Türkiye bir kez daha siyasi ve ekonomik açıdan çalkalanıyor. Bu kez fırtınanın merkezinde İstanbul Büyükşehir Belediye Başkanı Ekrem İmamoğlu var. Yolsuzluk, rüşvet gibi ağır suçlamalarla gözaltına alındı ve ardından tutuklandı.

Ne olduysa bir anda oldu. Gözaltı kararının duyulmasından saatler sonra medyada manşetler atıldı, sosyal medya yangın yerine döndü. Kimileri “işte gerçek yüzü” dedi, kimileri “bu siyasi” diyerek karşı çıktı. Ama ortada çok daha büyük ve derin bir mesele var: Adaletin kendisi.

Şunu vurgulamak gerekir; Bu ülkede yolsuzluk yalnızca bir kişinin, bir kurumun, bir partinin meselesi değil.

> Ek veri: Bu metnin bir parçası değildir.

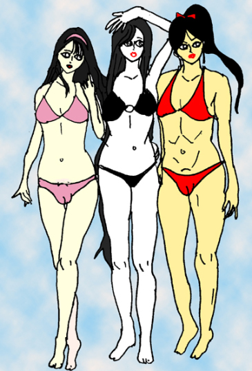 麻理子は黒。香織は赤。そして由香はピンクのビキニを纏う。
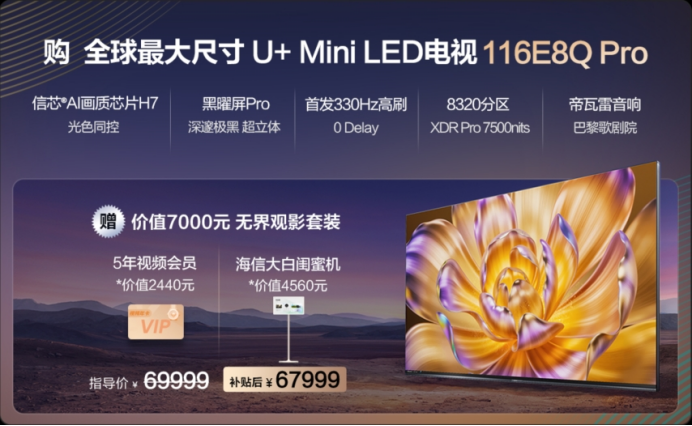 五一假期期间,海信116E8Q Pro国补后到手67999元;在国补之外还可享价值7000元的大白闺蜜机+5年视频会员。
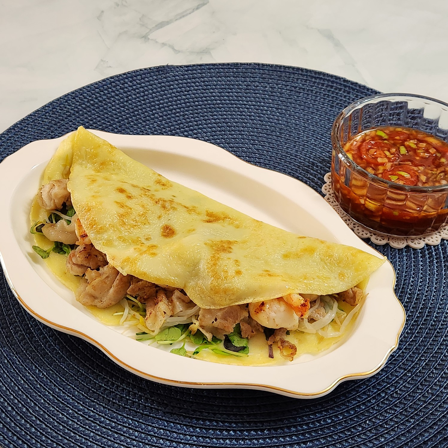 ¡Preparemos delicioso Banh Xeo, un plato representativo de la comida callejera y casera de Vietnam, aquí mismo en casa! Esta fina y crujiente crepe se rellena generosamente con brotes de soja frescos, verduras crujientes, cerdo sabroso y camarones jugosos, ofreciendo tanto nutrición como sabor. Rociada con nuestra salsa especial Nuoc Cham, los auténticos sabores vietnamitas se realzarán.
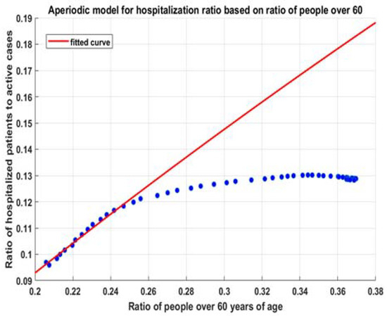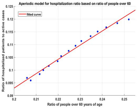 The correlation between the ratio and active cases is very high—95%, due to the stage of growing hospitalizations and growing ratio of 60+. Nonetheless, we need both variables, since we want to check how the coefficient , representing the ratio between hospitalizations and active cases, changes with the increase of . For that reason, we employ principal component analysis and make the regression with the transformed data. We first make a linear model for the whole interval to assess the fit. Then, we will use it by removing data points backward in time—from 3.09 15 points backward as a compromise between the number of observations needed for regression and the number of estimated coefficients.
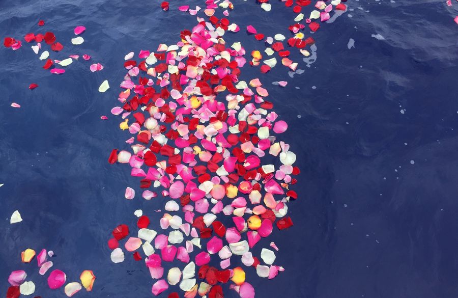 ●海洋散骨ご希望の方には、オプションでバラの花びら1ダース半(12本以上)$50もご用意できます。

Uzun süredir herkesin bildiği ama dillendirmeye çekindiği, iktidar belediyelerinde de dönen çarklar var.

Devletin çeşitli kademelerinde, farklı kurumlarda, ihalelerde, arsa tahsislerinde dönen şaibeler, dillere pelesenk olmuş durumda. Ama ne hikmetse oralarda tek bir savcı kıpırdamıyor.

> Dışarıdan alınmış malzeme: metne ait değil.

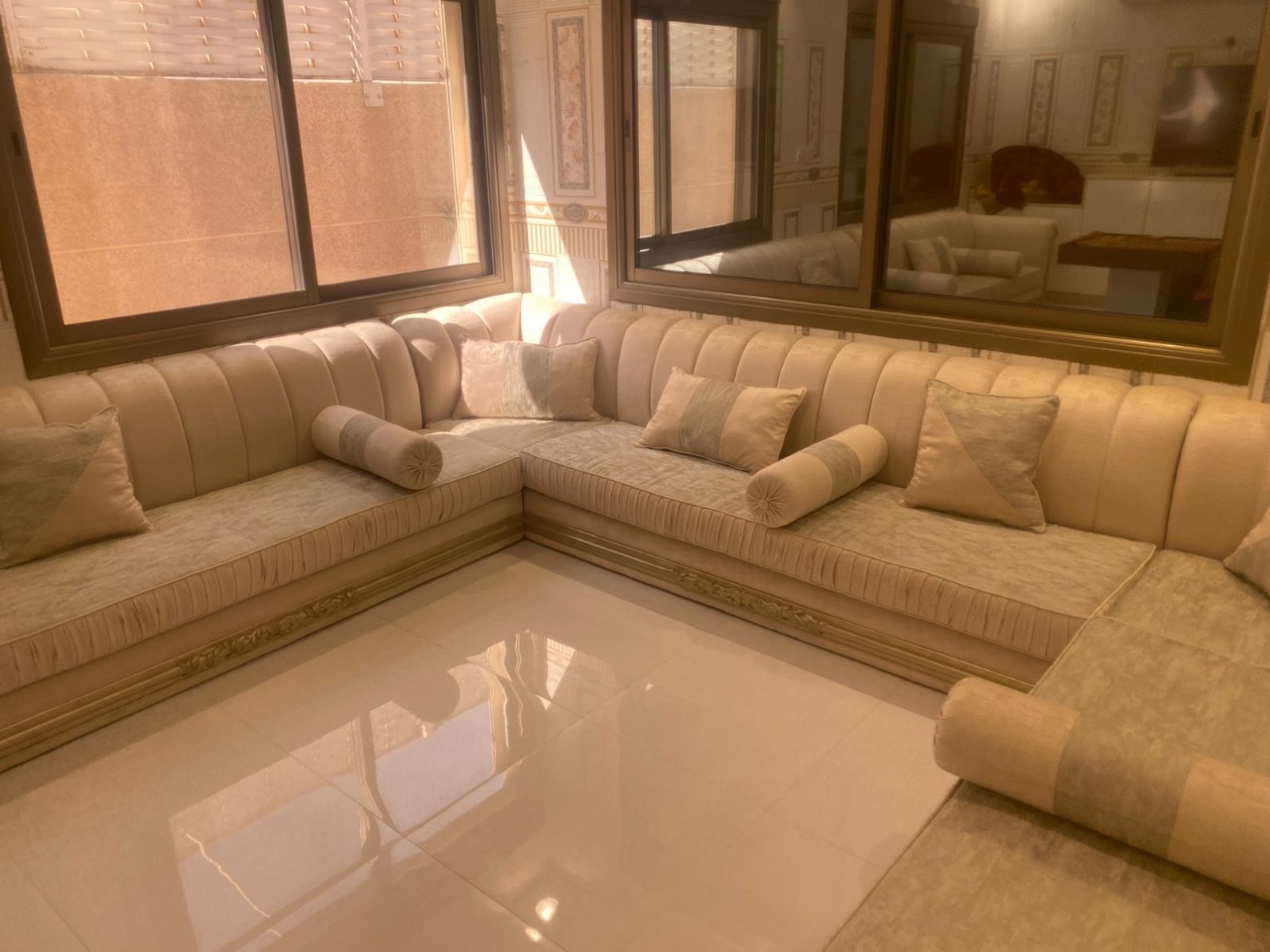 التصميم: جلسة أرضية مريحة مع وسائد ظهر مرتفعة ووسائد جانبية (مراكي) دائرية ومستطيلة لإتمام المظهر المغربي.

Oysa mesele İmamoğlu değil. Mesele CHP, AK Parti, MHP ya da herhangi bir parti hiç değil. Mesele: Kim suç işlediyse, gerçekten ve açık bir şekilde suç işlediyse, onun yargı önüne çıkarılması. Ama adilce, baskısız, tarafsız bir yargı süreciyle. Kamuoyu baskısı için değil, siyasi hesaplaşmalar için değil. Sadece gerçek adalet için...

Bu ülkede artık bir şeyin netleşmesi gerekiyor: Kimse dokunulmaz değil. "Bizden" olanın dosyası sümen altına, "onlardan" olanınki jet hızıyla mahkeme salonuna gitmemeli. Adalet; kişiye, kimliğe, koltuğa göre şekil değiştiren bir şey olmamalı.

Yolsuzluk varsa, adı ne olursa olsun ortaya çıkarılmalı. Yapan kim olursa olsun yargılanmalı. Eğer gerçekten temiz bir ülke istiyorsak, önce bu çifte standardı kırmalıyız.
Çünkü adalet bir gün herkese lazım olacak.

Ve çünkü adalet olmadan hiçbir şey olmaz. Ne güven olur, ne huzur, ne de geleceğe dair umut.

O yüzden üç kelimeyle bitirelim bu yazıyı:

Adalet, Adalet, Adalet.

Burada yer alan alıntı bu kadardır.